SABATTUS — The Maine Center for Disease Control and Prevention issued a warning to the town Tuesday morning about a case of rabies in the area.

The letter, addressed to the town manager, said the CDC detected rabies in a skunk Friday. The letter did not specify where the skunk was found, only that residents should avoid touching wild animals and that all domesticated animals should be up to date on their rabies vaccines.

Animal Control Officer Jeff Cooper said Maine Warden Service dispatched the skunk and sent it to CDC labs for testing. Neither Cooper nor local law enforcement were involved, he said.

Spokesman for the Maine CDC and Maine Warden Service were not immediately available Tuesday.

Rabies is a fatal virus that resides in and affects the brain and spinal cord, and is mostly found in wild mammals, according to Maine CDC information. The virus is transferred through all bodily fluids and happens because of bites and scratches from infected animals.

The incubation period for the virus it between two weeks and two months before it begins attacking the brain.

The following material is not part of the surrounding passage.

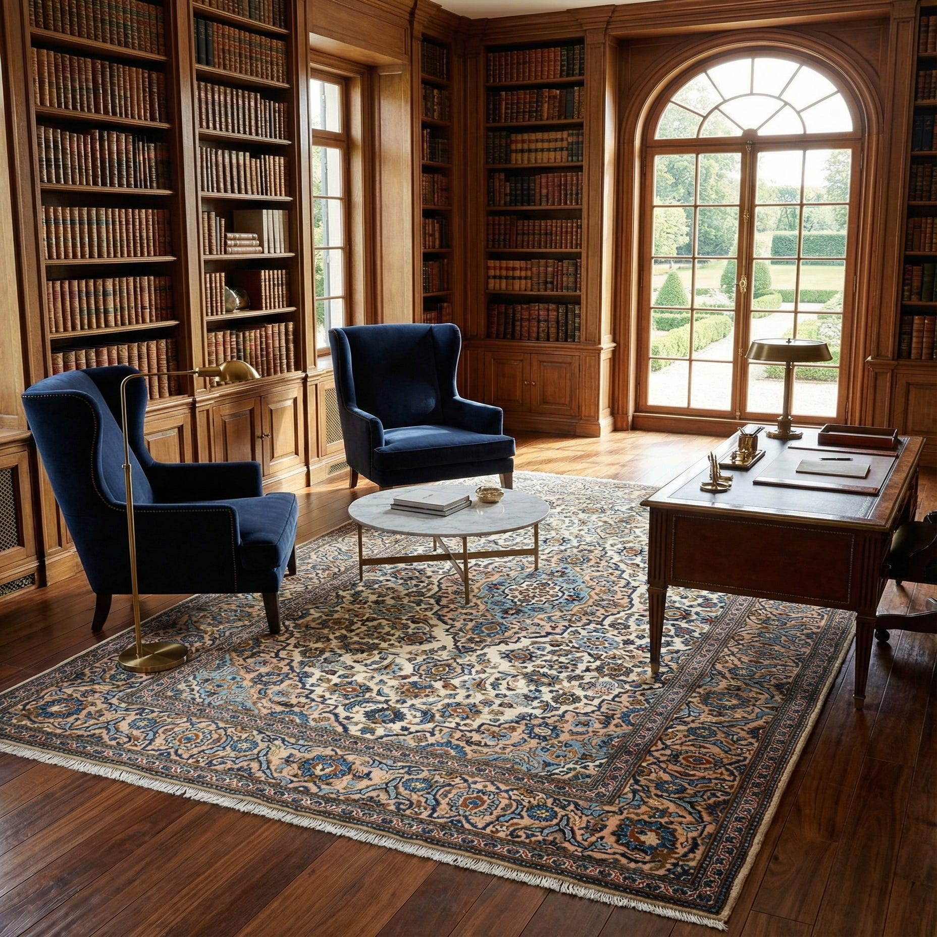 This rug would serve as a remarkable centerpiece in both traditional and transitional interiors, where it can act as an anchor for furniture arrangements in living rooms, dining areas, or grand entryways. Its classic design effortlessly pairs with wood furnishings and can complement both subdued color schemes and more vibrant decor elements. Additionally, the rug's versatile color palette can harmonize with a variety of textures such as leather, velvet, and natural wood, allowing for flexibility in design approaches.

Signs for rabies vary, but animals with the virus may act shy, fearful, mean or extremely friendly or may stumble as if intoxicated. Early signs of rabies in humans include fever, headaches, lethargy, unclear thinking and anxiety. Once signs of the virus are apparent, death usually occurs.

Rabies is treatable in humans quickly after exposure. Those potentially exposed to the virus should contact their medical care providers to see if a vaccine is necessary. Pet owners should contact a veterinarian and the local animal control officer if their pet is bitten or scratched by an animal.

Wild animal attacks should prompt a call to a local game warden, or the local animal control officer if it’s a cat or dog.